◆ Task description
I would like the lines below, from the one with "This custom 90th" through the one with "Unique property and", copied exactly and without any pictures.
──────── Listed entries
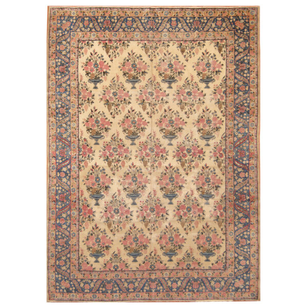 The Iranian province Kerman produces highly distinctive carpets primarily in highly floral medallion or all over designs. During the 16th and 17th century, these rugs were made by village weavers for the royal family, commissioned by the king and a popular name for them became ‘Royal Kermans.’ Continuing that tradition, this particular rug was made by village weavers following traditional practices. The process of making a rug includes cleaning, washing and dyeing the wool which is sourced from local sheep.
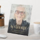 This custom 90th birthday party welcome sign features the guest of honour's personalised photo, name, and birthday, along with the word "welcome" in elegant gold-coloured calligraphy script. A dark screen helps make the text pop. A great way to celebrate someone who's turning ninety!
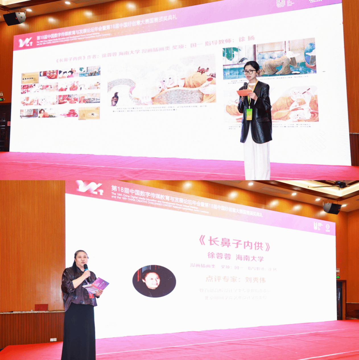36365线路官网学生徐蓉蓉荣获国赛一等奖,并作为获奖嘉宾邀请上台进行作品创作分享。教育部高校设计学专业教指委委员、北京印刷学院艺术设计学院教授刘秀伟现场点评认为:这部插画作品在艺术风格、主题表达、技术手法、情感传达以及文化内涵等多个方面都表现出色,是一次成功的艺术创作实践。
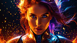 Spectaculair fantasy portret waarin vuur en ijs samenkomen in een explosie van kleur. De dramatische belichting creëert een intens contrast tussen warme oranje en koele blauwe tinten. Perfecte stockfoto voor gaming, fantasy of science fiction projecten. De futuristische setting wordt versterkt door vonken en lichteffecten.
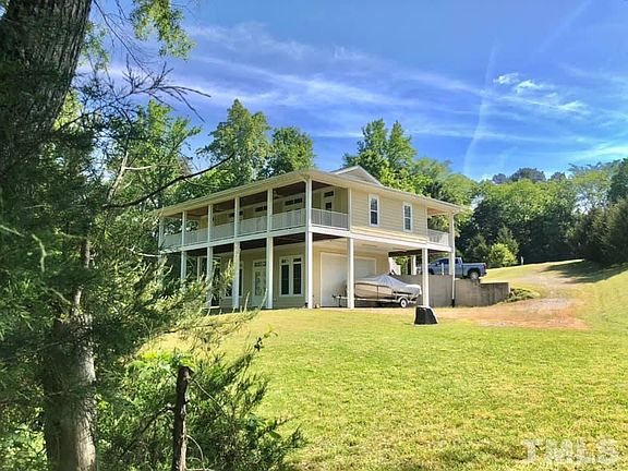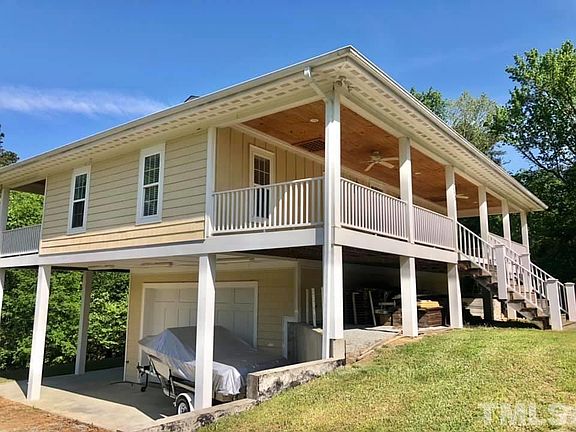 Unique property and opportunity! Owner built this as detached garage (and apartment)... but never built his house. Septic is for 4 bedrooms but detached garage has 1 bedroom and a bunk room on main level. 2 bathrooms (One bathroom upstairs. One in lower garage area) 3.37 acres! PORCHES galore! There is no boathouse. The lake authority has given permission for 30 ft wide boathouse. Garage is adorable! Beadboard ceilings! Hardwood floors! Solid wood doors! Furniture stays! Boat stays! Golf cart stays!
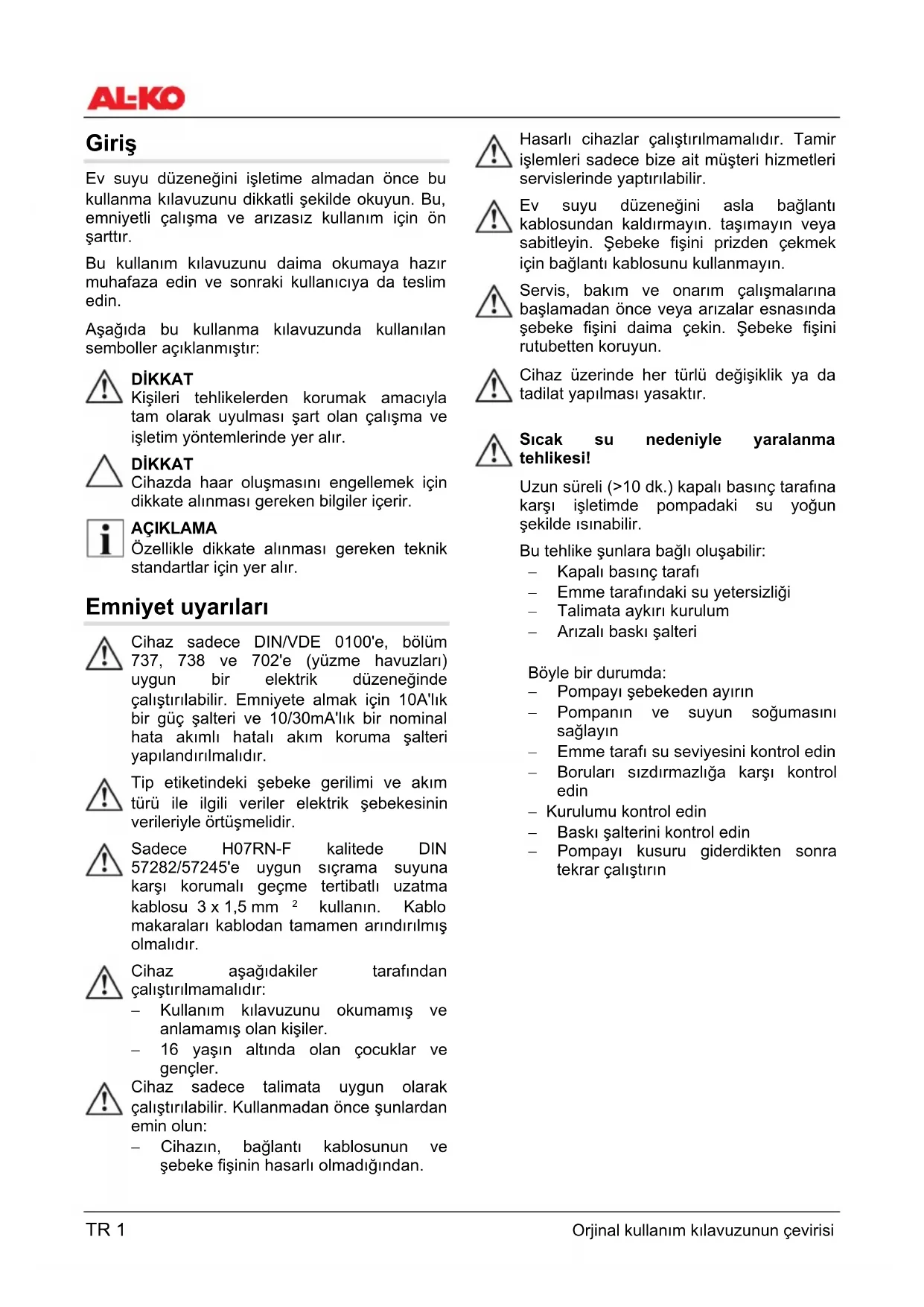 Sıcak su nedeniyle yaralanma tehlikesi! Uzun süreli (>10 dk.) kapalı basınç tarafına karşı işletimde pompadaki su yoğun şekilde ısınabilir. Bu tehlike şunlara bağlı oluşabilir: − Kapalı basınç tarafı − Emme tarafındaki su yetersizliği − Talimata aykırı kurulum − Arızalı baskı şalteri Böyle bir durumda: − Pompayı şebekeden ayırın − Pompanın ve suyun soğumasını sağlayın − Emme tarafı su seviyesini kontrol edin − Boruları sızdırmazlığa karşı kontrol edin − Kurulumu kontrol edin − Baskı şalterini kontrol edin − Pompayı kusuru giderdikten sonra tekrar çalıştırınOrjinal kullanım kılavuzunun çevirisi TR 2
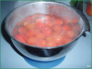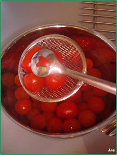 7.- INTRODUCIMOS CON CUIDADO LOS TOMATES Y CUBRIMOS CON EL AGUA FRÍA RESERVADA.
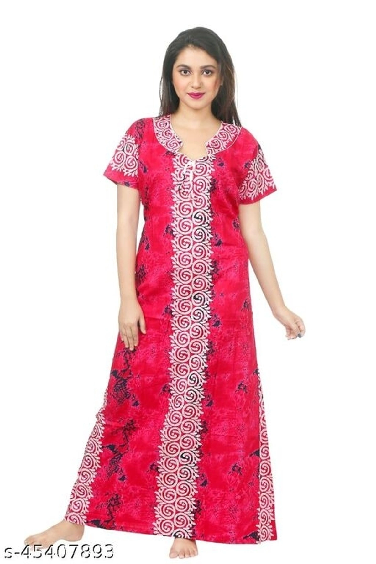 Divine Alluring Women Nightdresses Name: Divine Alluring Women Nightdresses Fabric: Cotton Blend Sleeve Length: Short Sleeves Pattern: Printed Multipack: 1 Sizes: Free Size, XL, L Explore supreme level of comfort and gorgeous looks with our top of the line Women's Nighty available in multiple colors. Get super soft 100 % cotton Nighty for a peaceful Night Sleep. The Nighty from Final Choice has been crafted to ensure you feel comfortable and at ease throughout the night. The fabric is soft making it the right and final choice for nightwear. Country of Origin: India
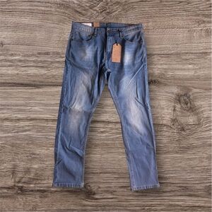 Across the pond. Signature line men Skinny jeans blue size 33w 30 L 65 % Cotton 33% polyester Across the Ponds" brand, size 34/32. Based on the visual appearance and search results mentioning similar items, the jeans appear to be a light wash denim, possibly in a slim or straight fit. The jeans have a tag attached, suggesting they are new or unworn. The size 34/32 indicates a waist size of 34 inches and an inseam length of 32 inches. The overall style suggests casual wear.
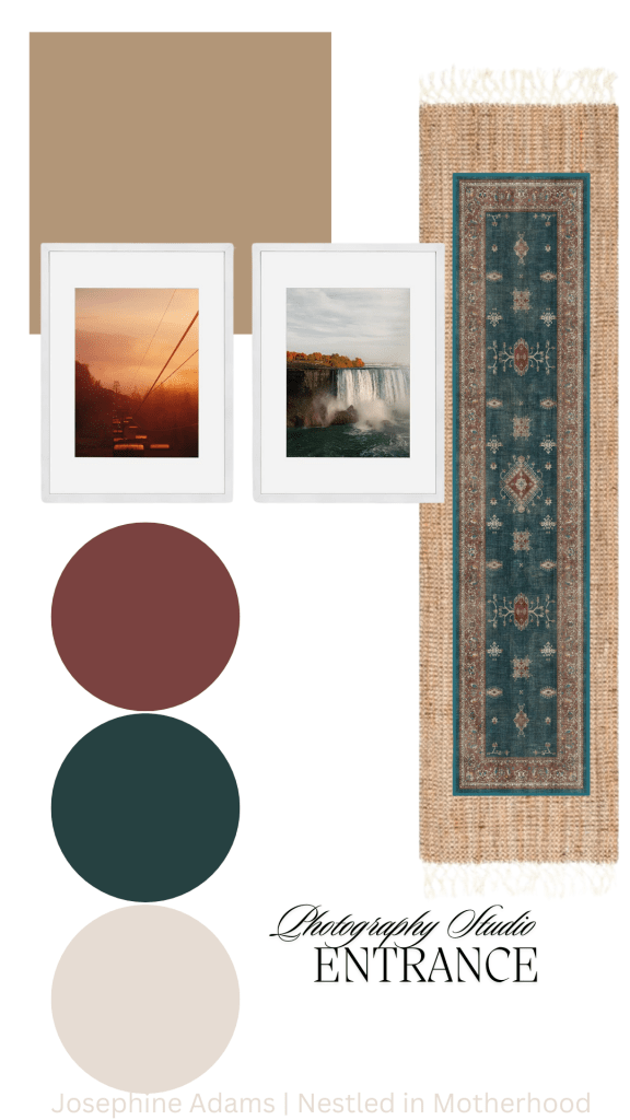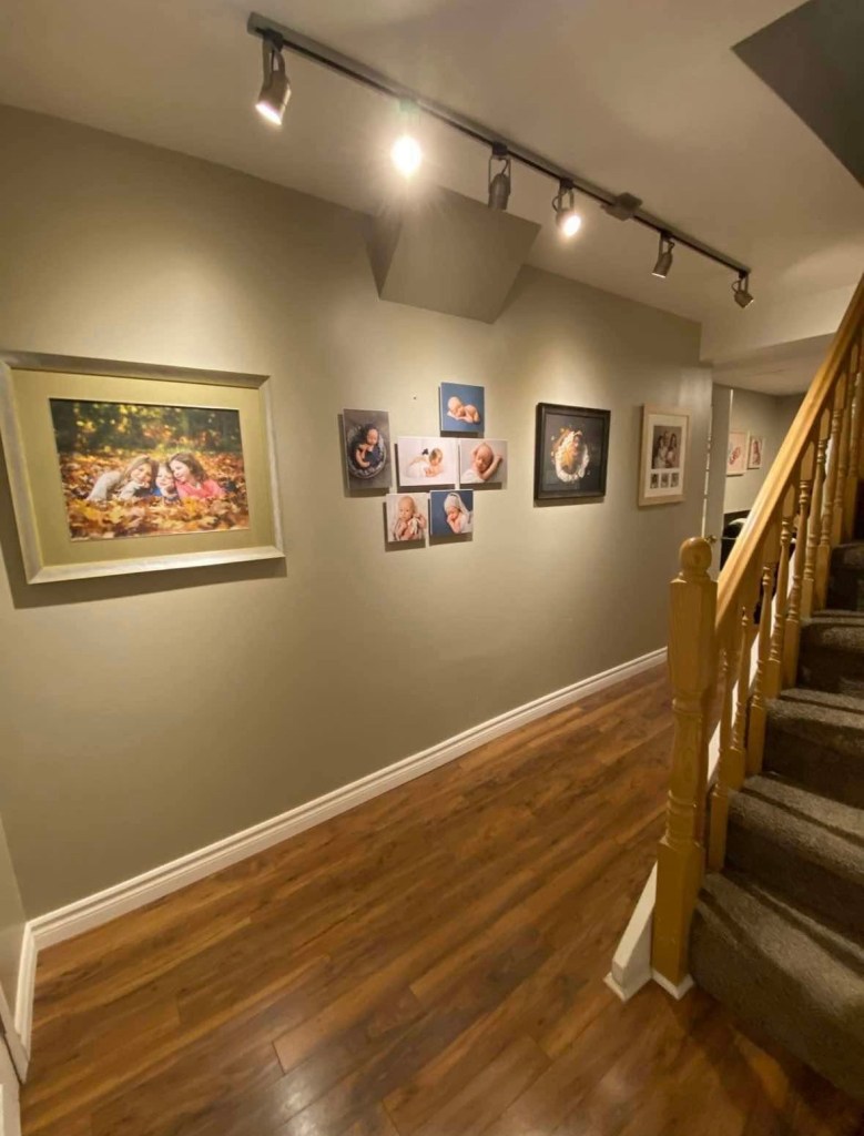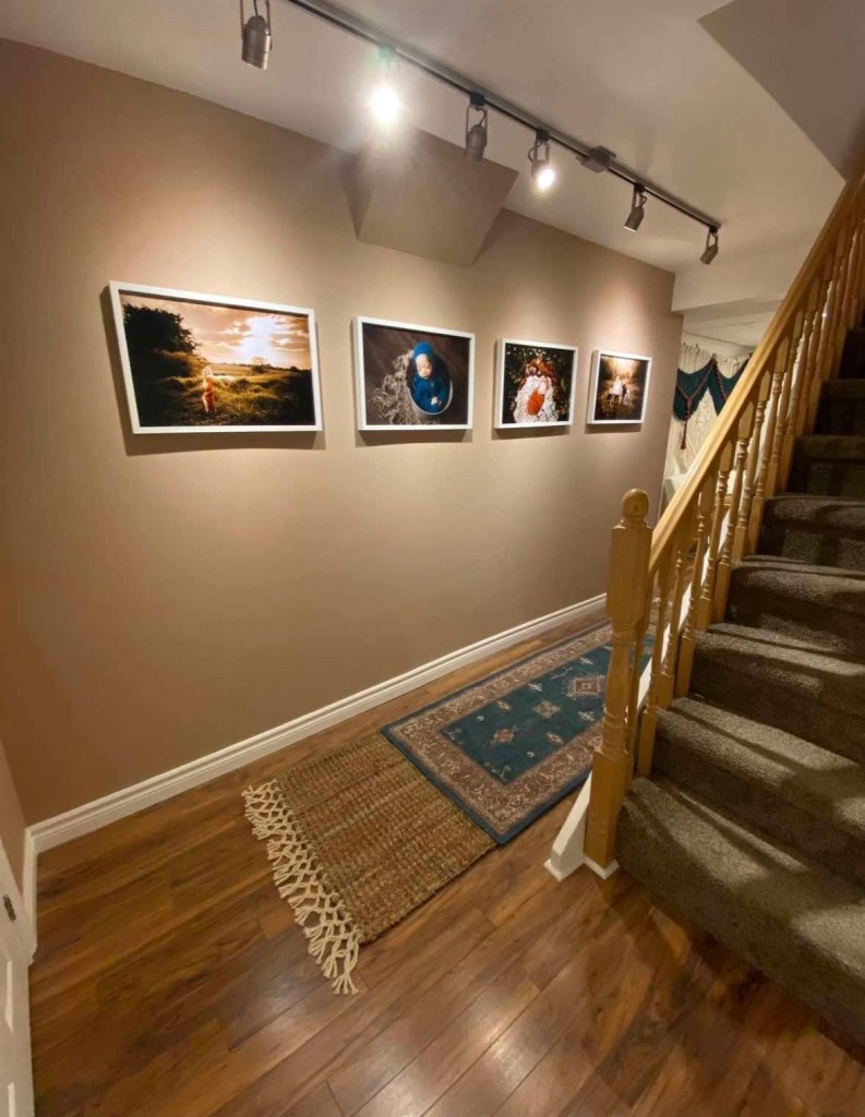 Next plan was the hallway that leads to her studio. A simple wall colour change to something warmer and layering carpet runners would make a huge change! We swapped the frames for a simpler, more cohesive look.
────────────────
◆ Answer to this task
 This custom 90th birthday party welcome sign features the guest of honour's personalised photo, name, and birthday, along with the word "welcome" in elegant gold-coloured calligraphy script. A dark screen helps make the text pop. A great way to celebrate someone who's turning ninety!
36365线路官网学生徐蓉蓉荣获国赛一等奖,并作为获奖嘉宾邀请上台进行作品创作分享。教育部高校设计学专业教指委委员、北京印刷学院艺术设计学院教授刘秀伟现场点评认为:这部插画作品在艺术风格、主题表达、技术手法、情感传达以及文化内涵等多个方面都表现出色,是一次成功的艺术创作实践。
 Spectaculair fantasy portret waarin vuur en ijs samenkomen in een explosie van kleur. De dramatische belichting creëert een intens contrast tussen warme oranje en koele blauwe tinten. Perfecte stockfoto voor gaming, fantasy of science fiction projecten. De futuristische setting wordt versterkt door vonken en lichteffecten.
 Unique property and opportunity! Owner built this as detached garage (and apartment)... but never built his house. Septic is for 4 bedrooms but detached garage has 1 bedroom and a bunk room on main level. 2 bathrooms (One bathroom upstairs. One in lower garage area) 3.37 acres! PORCHES galore! There is no boathouse. The lake authority has given permission for 30 ft wide boathouse. Garage is adorable! Beadboard ceilings! Hardwood floors! Solid wood doors! Furniture stays! Boat stays! Golf cart stays!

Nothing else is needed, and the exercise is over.